The Federal Reserve's Low-Rate Policy is expected to keep on the US economy expanding, reports showed. But this will create just few jobs and somewhat control inflation.
Economic growth rate during the past six months, ending in May 2010, is placed at .04%. The report also indicated that cost of living dropped, and claims for jobless benefits reached record high within that period.
Still, many noted economists forecast that the economic recovery is intact. The Fed stand pat on it's policies that controlled well the inflation problem. But indicators showed that the labor sector is still in an unstable position. This labor situation might have been affected by the European Debt Crises.
Data indicated that companies are cutting on some unnecessary expenses, and sometimes including payrolls, to maximize profits. Indicators showed that employment has grown slightly over the past months.
The Manufacturing Sector recovered out of the worst recession since 1930. Consumer prices rose by 2% during the12 months period ending in May; while gasoline prices dropped by 5.2% in May.

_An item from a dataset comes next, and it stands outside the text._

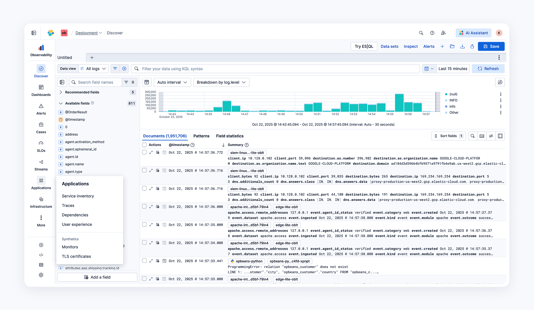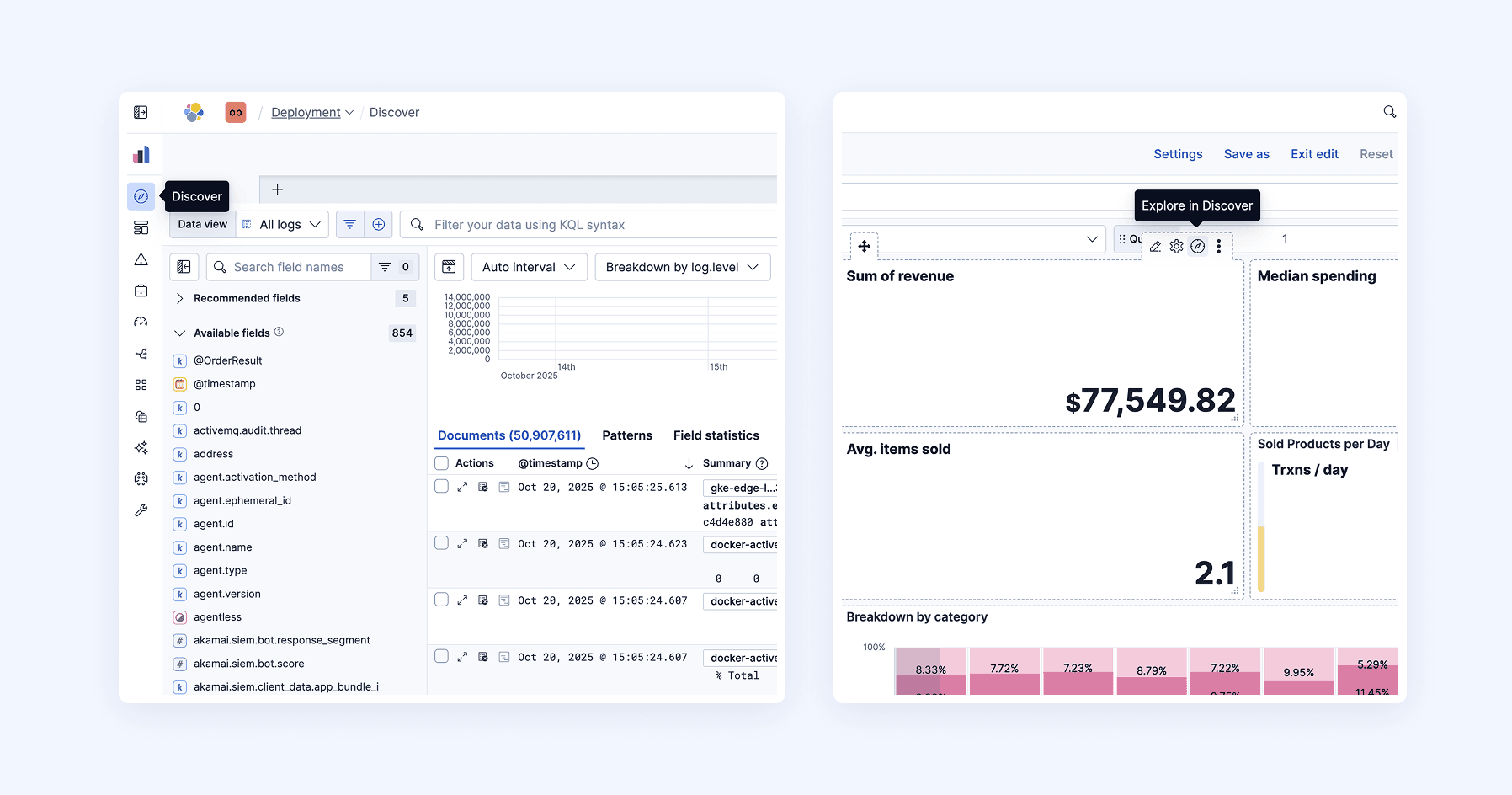 To deliver a fully functional collapsed mode—a highly requested feature—we developed a navigation system that can condense into a column of icons. Early UX testing showed that this design was well received by users. By visually associating Kibana’s abstract concepts with distinct icons, the navigation becomes more intuitive, memorable, and efficient. For example, Explore in Discover leverages the same Discover icon in the navigation, which makes it easier to recognize it. We also support optional text labels, visible in expanded mode and as tooltips when collapsed. Finally, this approach allows both navigation panels to be displayed simultaneously when needed—something previously impractical due to limited screen space.

But some low-income customers are still feeling the pinch of recession, and are hunting for the cheapest buys. Many are still apprehensive on losing their jobs, while paying their mortgages.
However, this indicated that economic gains and rebound from recession are quite stable. It would not be affected by the European Debt Crises, according to experts.
"The European crisis is having an extremely mild impact," said Bank of Tokyo-Mitsubishi UFJ's Zentner. "While there are some signs it's affecting business sentiment, the effect is very limited at this time."